Let Us Ask: Geeks as Celebrities

(After reading "Starstruck" I began asking can geeks/progeeks be celebrities.  This was actually a fun speculation, and I wanted to write it up).

So, my progeeks and profanes and protaku, can we working nerds, technophiles, and geekonomists be celebrities?  Can we breathe the same air of awesomeness that the truly famous do, can we confuse paparazzi with our "Let the Wookie Win" T-shirts?  In short, can we be beloved and admired and followed?

The answer is literally, yes, no, and maybe.



YES there are geek celebrities.  We know them because we are geeks.  We go to conventions to see them, we follow their twitters, they are in the news.  Joss Whedon, Will Wheaton, Scott McNeil, and far far more are all geek celebs to one extent or another.

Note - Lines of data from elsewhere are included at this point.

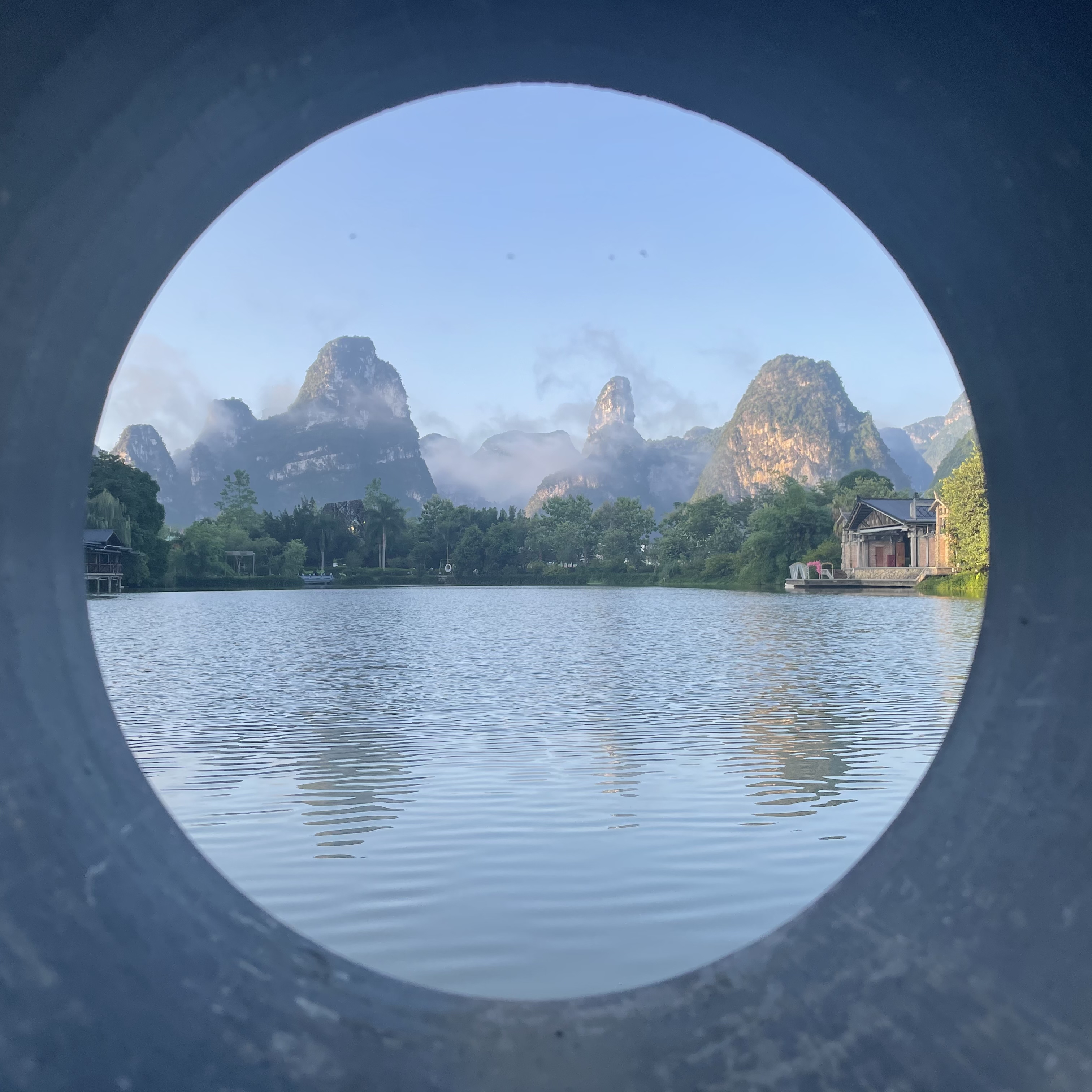 由于前一天的降雨,早上的明仕只能用仙气飘飘来形容,喀斯特的山峰搭配云雾,绝了。这张是在桥上找了个护栏的桥洞拍摄的,打开手机的超广角即可。
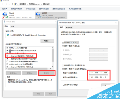 从打开的“本地连接 属性”窗口中,选中“Internet协议(TCP/IP V4)”,点击“属性”按钮,并在弹出的“属性”窗口中手动设置DNS地址,点击“确定”完成设置。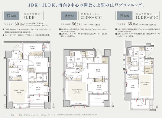 間取りは、1DK~3LDK(25m2台~60m2台)の全12タイプとし、空間を効率的に生かし、居住性を高めた住空間を目指しました。開放性、収納力といった住まいの心地よさを重視しつつ、先進設備・仕様を行き届かせた、品質感のあるプランを実現しています。

If anything I think we geeks love talent-driven celebs.  We're all about making stuff and getting stuff done, stuff that is cool and awesome and interesting.  We like our celebs because they DO stuff and make things happen (or did).

However, when it comes to the bigger picture . . .

NO geek celebs are not really the big-time stalked-by-paparazzi celebs for the most part.  Star mags don't post every move Nathan Fillion makes.  The news doesn't report where Peter Molyneux goes for lunch.  Geek celebs are not celebs "on the level" of some of the news-dominating A-Listers.

Geek may be Chic, but it's not Chic enough to be a dominant part of culture.  It has its place, but it isn't so widespread as to have geek celebs who can get whole news cycles.  Maybe we should be thankful for that.

Things change though so . . .

MAYBE geek celebs will some day be up there with other big names.  Geek is changing, being more accepted and indeed being cool.  Geek runs a lot of our economy and industry.  Take a look at the attention Mark Zukerberg is getting – good and bad – and you see a potential "mainstream" geek celebrity.

One may wonder if we geeks want to truly have a culture where news mags worry over what kind of jeans John Romero now wears.  That is entirely another question – in fact, maybe we can't avoid it.

So that's it, my geeks, nerds, and countrymen.  Yes, no, and maybe.